Mol Pharmacol. 1995 Nov;48(5):869-79.
- PubMed ID
- 7476918 [ View in PubMed]
- Abstract
Five distinct cDNA clones encoding four different isoforms of human prostaglandin (PG) E receptor EP3 subtype were isolated from a human kidney cDNA library. Two cDNA clones differed only in their 3'-untranslated regions.
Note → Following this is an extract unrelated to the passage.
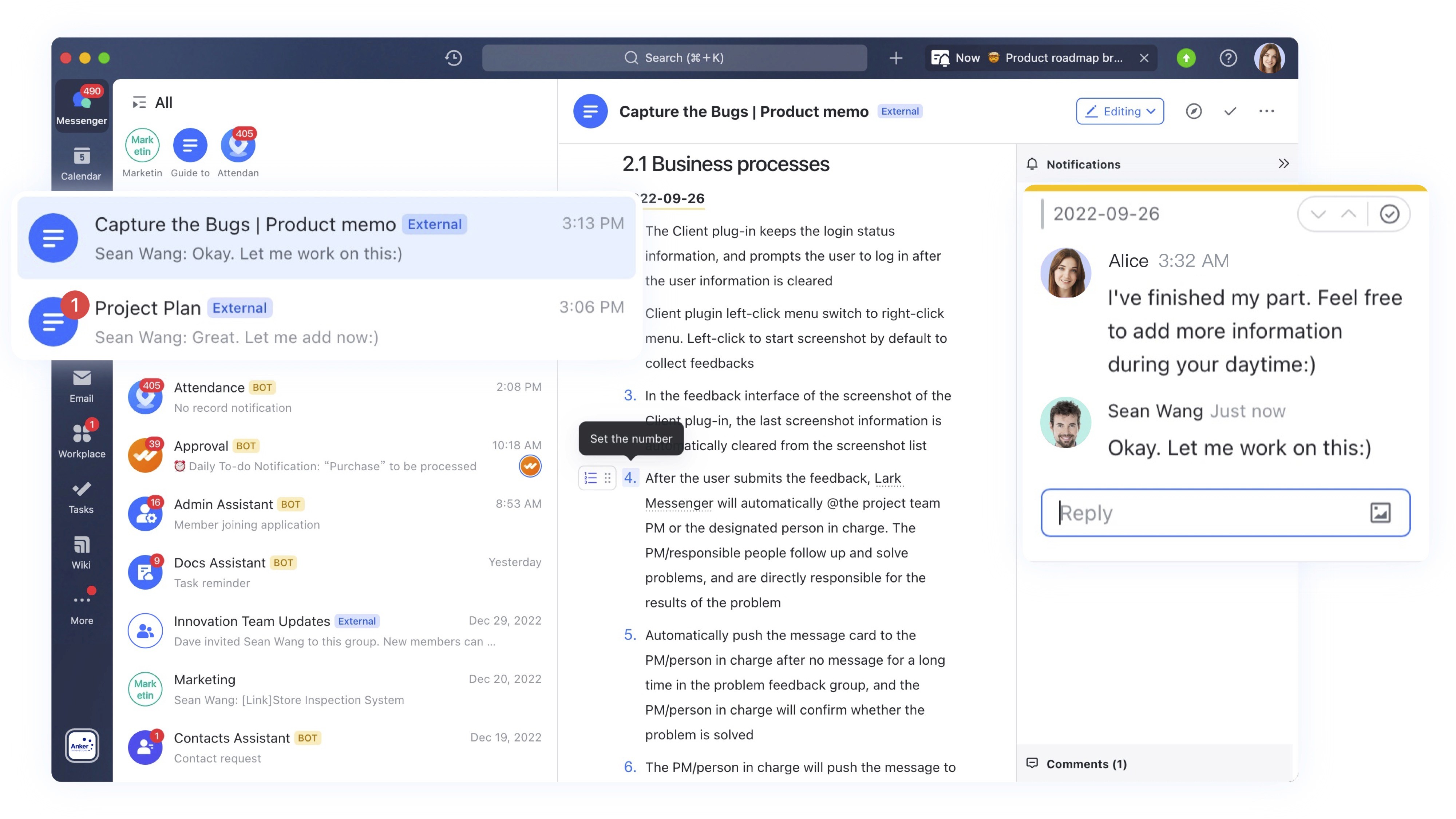 Therefore, employees must take advantage of asynchronous communication, which is made possible by Lark. For example, employees in the US organize their ideas into a Lark Doc during the day. The next day after they wake up, they will receive numerous comments from their colleagues in Europe in the doc. In this way, collaboration can be seamlessly passed on from one region to the next, like a relay race, and Lark is their perfect relay baton.

The four isoforms, tentatively named EP3-I, EP3-II, EP3-III, and EP3-IV, which were generated by alternative mRNA splicing, had identical amino acid sequences except for their different carboxyl-terminal tails. Transfection experiments revealed that all the four isoforms show high binding affinities to PGE2, PGE1, and M&B28767, an EP3-specific agonist, whereas their downstream signaling pathways are divergent. M&B28767 increased cAMP concentrations in cells expressing EP3-II and EP3-IV, whereas it inhibited forskolin-induced cAMP accumulations in cells expressing all EP3 isoforms. M&B28767 also stimulated phosphoinositide turnover in cells expressing EP3-I and EP3-II. Northern blot analysis revealed that the EP3 gene is expressed in a wide variety of human tissues. The human EP3 mRNA was present most abundantly in the kidney, pancreas, and uterus. A substantial expression was also detected in the heart, liver, skeletal muscle, small intestine, colon, prostate, ovary, and testis. Furthermore, reverse transcription-polymerase chain reaction analysis demonstrated tissue-specific expressions of the five different EP3 mRNA species. The present study suggests the presence of the multiple systems of PGE2/EP3 isoforms and leads to the better understanding of its physiological and pathophysiological implications in humans.